W takiej drużynie 26-letni Tomasz Kędziora jest prawdziwym liderem. Dosłownie, bo rozegrał najwięcej minut ze wszystkich zawodników Lucescu – 2455, czyli o cztery godziny więcej, niż następny w tej klasyfikacji bramkarz Heorhij Buszczan. Nic dziwnego, że ostatnio trochę częściej jego trener ściąga go z boiska przed ostatnim gwizdkiem.

Niedawno reprezentant Polski strzelił swojego pierwszego gola na którego czekał dwa lata. Sytuacja wyglądała bardzo podobnie: we Lwowie, podobnie jak w marcu 2019 roku z Desną Czernihów, odnalazł się we właściwym miejscu po rzucie rożnym. Także tak, jak wtedy, gdy w sierpniu 2018 roku trafił do bramki Ajaksu Amsterdam.

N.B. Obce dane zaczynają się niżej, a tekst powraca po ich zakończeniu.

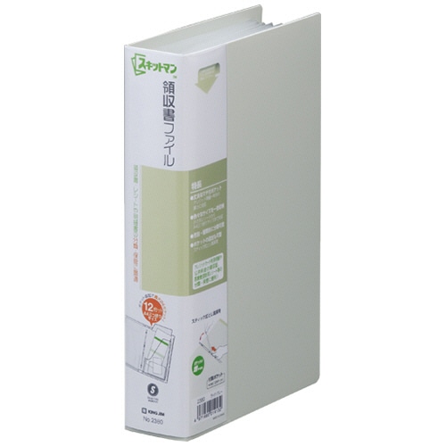 キングジム スキットマン 領収書ファイル A4長辺1/3 4穴 12ポケット付属 背幅40mm ライトグレー 2380-LG 1セット(5冊)

Dynamo z Kędziorą w podstawowym składzie ma się lepiej niż dobrze, zwłaszcza w krajowej lidze. Wygrało dwanaście z 17 spotkań, tylko raz doznało porażki i prowadzi przed Szachtarem. Obrońcy tytułu walczą o piąty tytuł z rzędu, choć wydawało się, że w ostatnich latach ich przewaga nad Dynamem jest tak duża (rok temu sięgnęła 33 punktów), że nie będzie to aż tak wielka rywalizacja. To jednak tylko podkreśla doskonałą formę kijowian.

To zasługa Lucescu, który zdaniem wielu, po przejęciu Dynama latem, znacznie lepiej zorganizował zespół na boisku, wyuczył zachowań, które gwarantują przy indywidualnościach solidność w niemal każdym spotkaniu. Fajerwerki zdarzają się rzadko, ale za to są punkty. – Mamy młodych zawodników, ale z meczu na mecz jesteśmy bardziej dojrzali. Musimy podtrzymywać naszą dyspozycję. Powtarzam piłkarzom, że wygrana w jednym spotkaniu nie oznacza, że nie możesz zagrać źle w kolejnym – mówi Lucescu.

W porównaniu do poprzedniego sezonu Dynamo podejmuje mniej pojedynków, zwłaszcza w powietrzu (spadek o jedną czwartą), co oznacza, że lepiej kontroluje piłkę (wymienia więcej podań) i również rzadziej musi o jej posiadanie walczyć. Pod względem kreatywności w ofensywie statystyki są niższe (strzałów, dośrodkowań, stwarzanych okazji), ale dla Dynama liczy się efektywność.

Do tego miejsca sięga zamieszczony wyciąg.